::: Given data

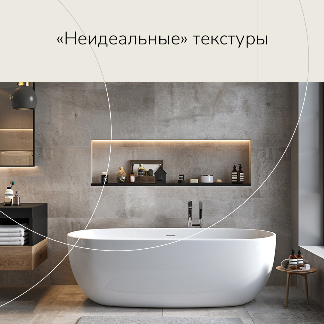 Тренд на естественность и аутентичность выражается в использовании «неидеальных» текстур. Это могут быть поверхности с грубоватой отделкой, шероховатые материалы или камень с естественными дефектами. Такой подход создает ощущение натуральности и связи с природой, делая ванную комнату более уютной и теплой. Важно, чтобы эти текстуры были приятными на ощупь, поэтому лучше выбирать их самостоятельно.
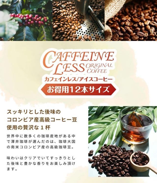 | この「カフェインレス/アイスコーヒーお得用12本セット」は、澤井珈琲が厳選したコロンビア産高級コーヒー豆を使用し、カフェイン99.9%カットのコーヒーです。クリアでスッキリとした後味で、いつでも安心して楽しめるのが魅力。体に優しい、そして美味しさも追求したコーヒーで、リラックスした時間を提供します。 1. カフェインレスだから、いつでも楽しめる安心感 このカフェインレスコーヒーは、カフェインを99.9%取り除いているため、夜でも安心して飲むことができます。カフェインによる利尿作用や眠れなくなる心配がありません。使用しているのは「お水」だけで、他の化学物質は一切使用していないので、体にも優しい作りです。カフェタイムを気にせず楽しめるのはもちろん、健康に気を使う人や、リラックスしたい夜にもぴったりの一杯です。 2. コロンビア産高級コーヒー豆の贅沢な味わい 澤井珈琲が選び抜いたコロンビア産の高級コーヒー豆を使用しているため、豊かな香りとクリアでスッキリとした後味が特徴です。どんなシーンでも飲みやすく、後味もさっぱりしているので、アイスコーヒーとして楽しむには最高の品質です。この12本セットなら、家族や友人ともシェアでき、毎日のコーヒータイムがさらに贅沢になります。 3. 手軽におうちで専門店の味を楽しめる 自宅で簡単に専門店のような本格的なアイスコーヒーを楽しめるのも、このセットの大きな魅力です。澤井珈琲のこだわりが詰まったカフェインレスコーヒーは、忙しい日々の中でもホッと一息つける瞬間を提供します。大容量の12本セットなので、ストックも十分で、いつでも好きな時に好きなだけ楽しめます。家で手軽に高品質のアイスコーヒーを味わいたい方に最適です。 | |
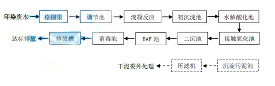 漿染廢水色度高、COD高,特別是根據國外市場開發出來的絲光藍、絲光黑、特深藍、特深黑等印染工藝,該類印染大量使用硫化染料、印染助劑硫化鈉等,因此廢水中含有大量的硫化物,該類廢水加藥預處理,然后再進行系列化處理,才能穩定達標排放。漂染廢水中含有染料、漿料、表面活性劑等助劑,該類廢水水量大,濃度和色度均較低,如果單純采用物化處理,則出水也在100~200mg/l之間,色度也能以滿足排放要求,但污染量大大增加,污泥處理的費用較高,容易造成二次污染,在環保要求較嚴的情況下應充分考慮生化處理系統,常規的強化生物處理工藝可以滿足處理要求。
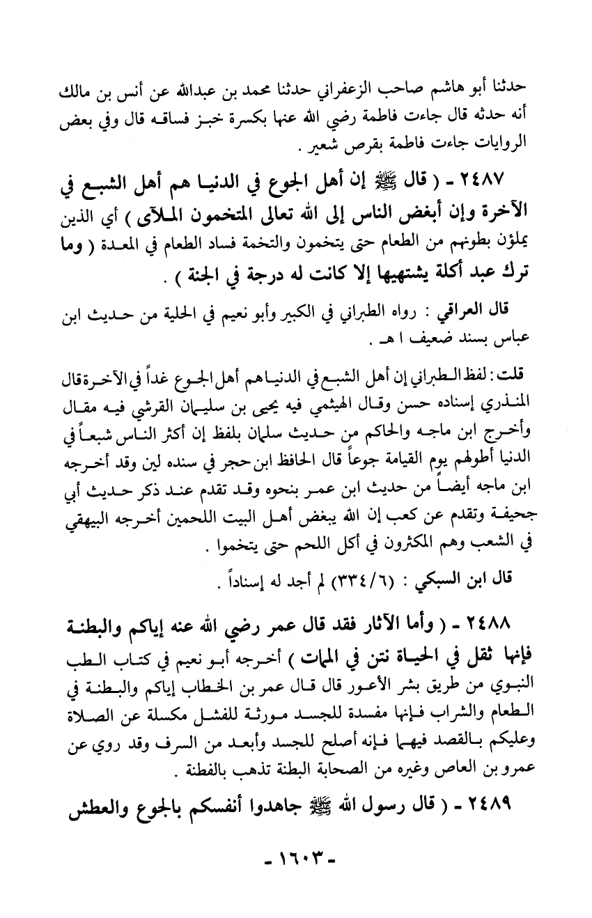 2487 - (قال - صلّى الله عليه وسلم - إن أهل الجوع في الدنيا هم أهل الشبع في الآخرة وإن أبغض الناس إلى الله تعالى المتخمون الملآى) أي الذين يملؤن بطونهم من الطعام حتى يتخمون والتخمة فساد الطعام في المعدة (وما ترك عبد أكلة يشتهيها إلا كانت له درجة في الجنة).

::::::

● **Your instructions**:
Repeat the listing above exactly, with no pictures.

● **Solution**:
 Тренд на естественность и аутентичность выражается в использовании «неидеальных» текстур. Это могут быть поверхности с грубоватой отделкой, шероховатые материалы или камень с естественными дефектами. Такой подход создает ощущение натуральности и связи с природой, делая ванную комнату более уютной и теплой. Важно, чтобы эти текстуры были приятными на ощупь, поэтому лучше выбирать их самостоятельно.
 | この「カフェインレス/アイスコーヒーお得用12本セット」は、澤井珈琲が厳選したコロンビア産高級コーヒー豆を使用し、カフェイン99.9%カットのコーヒーです。クリアでスッキリとした後味で、いつでも安心して楽しめるのが魅力。体に優しい、そして美味しさも追求したコーヒーで、リラックスした時間を提供します。 1. カフェインレスだから、いつでも楽しめる安心感 このカフェインレスコーヒーは、カフェインを99.9%取り除いているため、夜でも安心して飲むことができます。カフェインによる利尿作用や眠れなくなる心配がありません。使用しているのは「お水」だけで、他の化学物質は一切使用していないので、体にも優しい作りです。カフェタイムを気にせず楽しめるのはもちろん、健康に気を使う人や、リラックスしたい夜にもぴったりの一杯です。 2. コロンビア産高級コーヒー豆の贅沢な味わい 澤井珈琲が選び抜いたコロンビア産の高級コーヒー豆を使用しているため、豊かな香りとクリアでスッキリとした後味が特徴です。どんなシーンでも飲みやすく、後味もさっぱりしているので、アイスコーヒーとして楽しむには最高の品質です。この12本セットなら、家族や友人ともシェアでき、毎日のコーヒータイムがさらに贅沢になります。 3. 手軽におうちで専門店の味を楽しめる 自宅で簡単に専門店のような本格的なアイスコーヒーを楽しめるのも、このセットの大きな魅力です。澤井珈琲のこだわりが詰まったカフェインレスコーヒーは、忙しい日々の中でもホッと一息つける瞬間を提供します。大容量の12本セットなので、ストックも十分で、いつでも好きな時に好きなだけ楽しめます。家で手軽に高品質のアイスコーヒーを味わいたい方に最適です。 | |
 漿染廢水色度高、COD高,特別是根據國外市場開發出來的絲光藍、絲光黑、特深藍、特深黑等印染工藝,該類印染大量使用硫化染料、印染助劑硫化鈉等,因此廢水中含有大量的硫化物,該類廢水加藥預處理,然后再進行系列化處理,才能穩定達標排放。漂染廢水中含有染料、漿料、表面活性劑等助劑,該類廢水水量大,濃度和色度均較低,如果單純采用物化處理,則出水也在100~200mg/l之間,色度也能以滿足排放要求,但污染量大大增加,污泥處理的費用較高,容易造成二次污染,在環保要求較嚴的情況下應充分考慮生化處理系統,常規的強化生物處理工藝可以滿足處理要求。
 2487 - (قال - صلّى الله عليه وسلم - إن أهل الجوع في الدنيا هم أهل الشبع في الآخرة وإن أبغض الناس إلى الله تعالى المتخمون الملآى) أي الذين يملؤن بطونهم من الطعام حتى يتخمون والتخمة فساد الطعام في المعدة (وما ترك عبد أكلة يشتهيها إلا كانت له درجة في الجنة).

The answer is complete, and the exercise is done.